Most businesses have initiated continuity plans under Covid-19

13 April 2020 Consultancy.in

More than 80% of businesses across India and Bangladesh have already started implementing business continuity plans in light of the Covid-19 crisis, according to new analysis from Mercer. The survey was conducted at the end of last month. 

The global HR consulting firm surveyed more than 100 businesses across both countries, looking to gauge the state of response to the crisis and its resultant disruption. Organisations were questioned on a variety of topics, including changes to compensation policies and the overall estimated impact on finances.

India went into a nationwide lockdown on March 25th while Bangladesh imposed a soft lockdown the next day. The economic disruption is tangible, and reports have emerged of businesses taking cost cutting measures, some of which include staff cuts while others are less drastic.

Business continuity plans

Mercer found that most businesses appear to be protecting jobs to the largest extent possible, prioritising the welfare of their employees in this time of crisis. This is evident from the fact that only 7% of the respondents expect to reduce their headcount as a response to the crisis.

Businesses are cutting costs elsewhere instead. When it comes to personnel, for instance, existing staff is relatively safe in most organisations, but all new recruitment has been halted. Less than a third of businesses reported that their recruitment policy has and will remained unchanged.

For the existing staff, some organisations have tweaked their increment & promotions policy to cut costs, either by deferring promotions and increments or by reducing the amount. Prominent examples of businesses that are implementing such measures include the Big Four accounting and advisory firms in India, which have deferred increments and even cut partner pay in some cases.

Impact on increments

However, Mercer reports that these businesses remain in the minority, as nearly two thirds of all businesses have so far made no change in their increments policy and 80% report no change to their promotion plans. This is likely a product of the overall outlook towards Covid-19’s impact, which remains tentative according to the researchers.

The firm reports that more than half of the organisations still feel that it is too early to determine the effect of Covid-19 on their annual business plan, although 43% have admitted that they expect revenues to fall short of their forecasts for this year.

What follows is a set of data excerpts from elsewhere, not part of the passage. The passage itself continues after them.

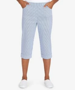 Add some variety to your bottoms collection with our stripe allure clamdigger featuring a flat-front waistband, elastic back, and side seam pockets.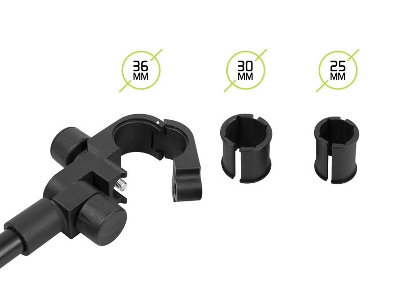 » Mit 25, 30 und 36 mm Adaptern kompatibel mit fast jeder Angelausrüstung und jedem Stuhl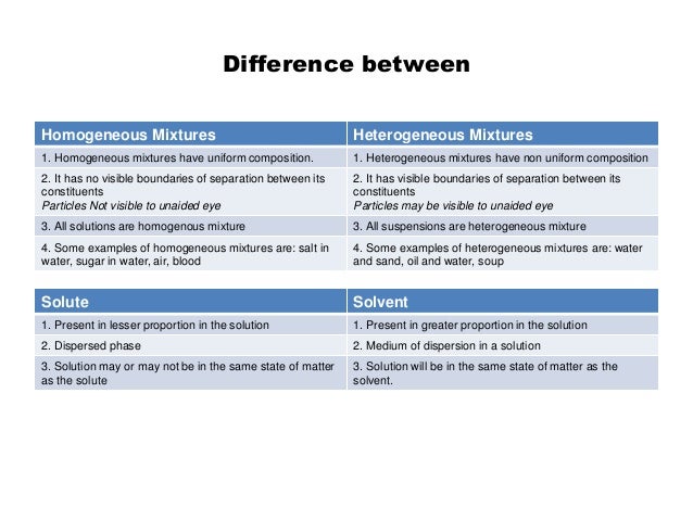 Homogeneous mixture Heterogeneous mixture 1 Uniform composition Nonuniform composition 2 The nondetectable boundary between solute and solventList the points of difference between homogeneous and heterogeneous mixture SOLUTION Q 3 Differentiate between homogeneous and heterogeneous mixtures with examples SOLUTION Refer Ans 2 above Q 4 How are sol, solution and suspension different from each other?Like us on Facebook https//wwwfacebookcom/k12mojoFollow us on twitter https//twittercom/K12MojoDownload our App https//playgooglecom/store/app

Most of those who expect a shortfall anticipate that this deficit will be significant, while others have a more moderate perspective.

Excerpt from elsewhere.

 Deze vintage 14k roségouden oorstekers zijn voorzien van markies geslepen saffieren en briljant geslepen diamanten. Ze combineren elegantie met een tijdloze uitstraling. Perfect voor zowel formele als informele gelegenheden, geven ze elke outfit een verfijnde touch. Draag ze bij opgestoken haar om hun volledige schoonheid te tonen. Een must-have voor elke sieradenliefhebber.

At any rate, businesses have been quick to respond to the crisis, with as many as 84% reporting that they have begun implementing business continuity plans. A full 100% of the respondents had already transitioned to ‘work from home’ arrangements, obviously forced upon them by the lockdowns in India and Bangladesh.

Special measures under Covid-19

The focus has now shifted to optimising staff productivity and coordination under work from home conditions, which a number of businesses are currently struggling with. The first step has been to establish the necessary infrastructure for remote working, which includes a variety of videoconferencing tools as well as network boosters, among others.

In many cases, staff has been assured that the costs of installing this infrastructure in their respective remote workspaces will be reimbursed. Most businesses, however, appear to be focused on ensuring that their employees remain mentally and physically healthy, as they adapt to new conditions and overall largely grim circumstances. Mercer reports that just under 40% of businesses have established mechanisms for employees to manage stress and preserve their mental and physical health.

Other measures being implemented to optimise new arrangements include reduced or flexible working hours as well as increased sick leave. Some companies have also upped their medical insurance coverage, anticipating a spike in the need for healthcare in the near future.